**Records supplied**:
+++++

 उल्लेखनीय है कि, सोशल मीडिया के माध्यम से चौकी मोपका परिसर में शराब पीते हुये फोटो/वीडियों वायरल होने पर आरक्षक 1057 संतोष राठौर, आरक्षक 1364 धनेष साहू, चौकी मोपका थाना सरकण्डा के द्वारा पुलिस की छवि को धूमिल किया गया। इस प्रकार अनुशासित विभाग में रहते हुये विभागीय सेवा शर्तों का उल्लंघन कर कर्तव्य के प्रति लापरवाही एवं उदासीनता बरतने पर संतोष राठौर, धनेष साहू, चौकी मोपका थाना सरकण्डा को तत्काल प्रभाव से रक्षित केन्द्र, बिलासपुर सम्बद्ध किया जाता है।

+++++

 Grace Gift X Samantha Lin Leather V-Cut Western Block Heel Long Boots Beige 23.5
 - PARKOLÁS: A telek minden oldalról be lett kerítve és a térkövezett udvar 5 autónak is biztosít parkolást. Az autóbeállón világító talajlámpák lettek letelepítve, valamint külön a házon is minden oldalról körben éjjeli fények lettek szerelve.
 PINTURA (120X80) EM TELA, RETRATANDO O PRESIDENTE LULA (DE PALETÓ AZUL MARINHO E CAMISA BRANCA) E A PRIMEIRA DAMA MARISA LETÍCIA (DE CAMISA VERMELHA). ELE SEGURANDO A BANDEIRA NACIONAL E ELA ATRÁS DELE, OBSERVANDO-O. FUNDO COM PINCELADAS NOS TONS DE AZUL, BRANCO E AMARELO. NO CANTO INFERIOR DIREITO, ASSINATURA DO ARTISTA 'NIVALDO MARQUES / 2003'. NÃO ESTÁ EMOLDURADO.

+++++

**What to produce**:
Please transcribe exactly the lines above from the line that has "Grace Gift X" up to and including the line that has "PINTURA (120X80) EM"; no other line belongs in the answer.

**Output for this task**:
 Grace Gift X Samantha Lin Leather V-Cut Western Block Heel Long Boots Beige 23.5
 - PARKOLÁS: A telek minden oldalról be lett kerítve és a térkövezett udvar 5 autónak is biztosít parkolást. Az autóbeállón világító talajlámpák lettek letelepítve, valamint külön a házon is minden oldalról körben éjjeli fények lettek szerelve.
 PINTURA (120X80) EM TELA, RETRATANDO O PRESIDENTE LULA (DE PALETÓ AZUL MARINHO E CAMISA BRANCA) E A PRIMEIRA DAMA MARISA LETÍCIA (DE CAMISA VERMELHA). ELE SEGURANDO A BANDEIRA NACIONAL E ELA ATRÁS DELE, OBSERVANDO-O. FUNDO COM PINCELADAS NOS TONS DE AZUL, BRANCO E AMARELO. NO CANTO INFERIOR DIREITO, ASSINATURA DO ARTISTA 'NIVALDO MARQUES / 2003'. NÃO ESTÁ EMOLDURADO.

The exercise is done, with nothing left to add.